**Records for the task:**
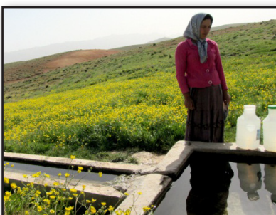
تصویر ۴. ادراک بویایی در زندگی عشایری، آب چشمه در کنار گیاهان صحرائی.

صداها و بوی مکان‌ها به همان اندازه در ادراک محیط سهیم‌اند، که حس بینایی در آنها مشارکت دارد. یک رایحه در برانگیختن حافظه قوی‌تر از حس بصری عمل کرده و وارد فازهای ناخودآگاهی می‌شود. معماری نیز می‌تواند واجد حس بویایی باشد، رایحه محل سکونت، با ویژگی‌های به خصوصی که در هر مکان پیدا می‌کند در تصویر ذهنی انسان از محل سکونت وی نقش مؤثری دارد. غالباً «یک بوی ویژه باعث می‌شود دوباره وارد فضایی شویم که حافظه بصری به کل آن را فراموش کرده باشد» (پلاسما، ۱۳۸۸: ۶۷) در یک مکان سکونت عشایری، خانه به دلیل قرارگیری بی‌واسطه در طبیعت اغلب با روایح بسیاری همراه است. عطر گیاهان وحشی در محیط کلی فضای یورد احساس شده و در کیفیت غذای طبخ شده و آبی که از چشمه نوشیده می‌شود مؤثر است. همچنان که جداره‌های خانه مانعی در برابر رایحه محسوب نمی‌شود. در بازدید از شهرک‌های عشایری، دلتنگی برای هوای آزاد از مهم‌ترین عواملی محسوب می‌شود که تحمل شهرنشینی را دشوار می‌کند. همچنین به دلیل تمایل استفاده از هوای آزاد و رایحه مراتع ترجیح به زندگی در سیاه‌چادر با وجود عدم امکان امتداد زندگی عشایری به لحاظ تفاوت در امکانات معیشتی همچنین وجود دارد (تصویر ۴).
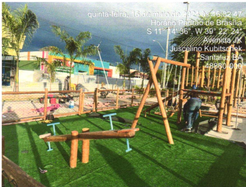
Foto 05 - Fornecimento e assentamento de Casinha do Tarzan em eucalipto tratado, com pântico de um balanço
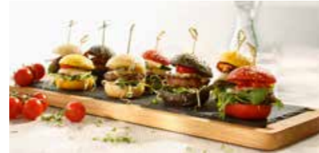
Ref. 1003 Surtido micro burger de colores 18gr Caja 160 unidades
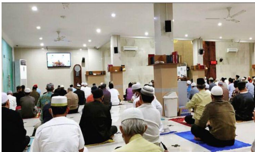
Gambar 4.9 Kajian Subuh Ahad Masjid Al Jihad
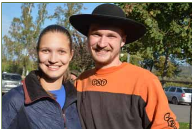
Mladá generace Říhů
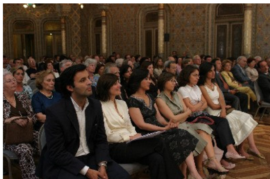
Assembleia geral na entrega dos Certificados aos Solares de Portugal pela APCER
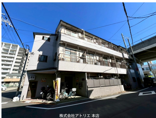
株式会社アトリエ 本店
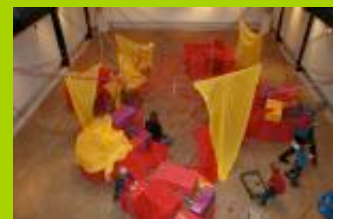
Workshop: "Dschungel - Dickicht - Labyrinth", Foto: Christine Aldrian-Schneebacher
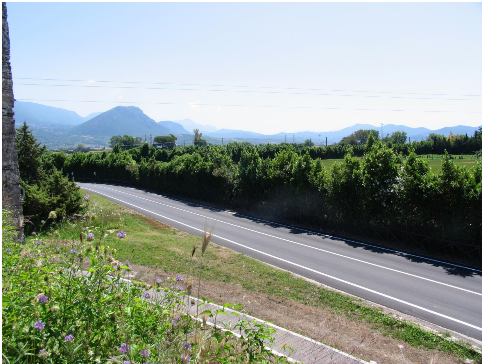
Foto 7: Vista dal lato ovest di via Porta Giustizia, sul piano superiore della cinta muraria della Torre 28 (stato di fatto)
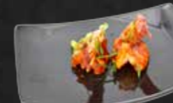
228. Yukisaki Ebi Garnelen mit süß-sauer-scharfer Soße B
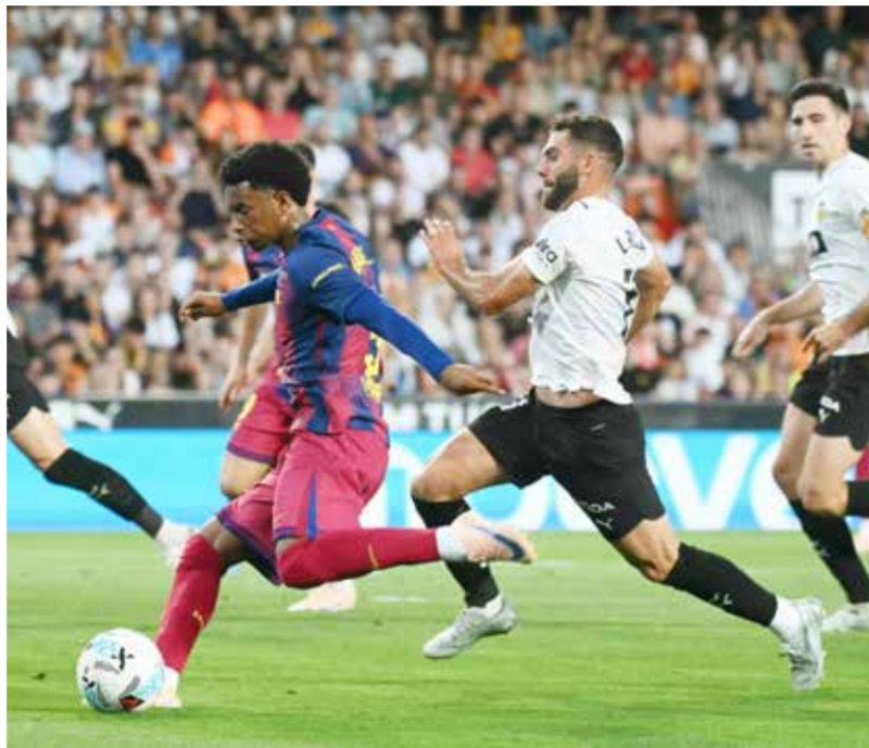
○ لحظة من المباراة.

**Assigned task:** With the pictures excluded, retype exactly the lines from the one containing "Gambar 4.9 Kajian Subuh Ahad Masjid Al Jihad" through the last line of the listing, both ends included.

**Reply:**
Gambar 4.9 Kajian Subuh Ahad Masjid Al Jihad
Mladá generace Říhů
Assembleia geral na entrega dos Certificados aos Solares de Portugal pela APCER
株式会社アトリエ 本店
Workshop: "Dschungel - Dickicht - Labyrinth", Foto: Christine Aldrian-Schneebacher
Foto 7: Vista dal lato ovest di via Porta Giustizia, sul piano superiore della cinta muraria della Torre 28 (stato di fatto)
228. Yukisaki Ebi Garnelen mit süß-sauer-scharfer Soße B
○ لحظة من المباراة.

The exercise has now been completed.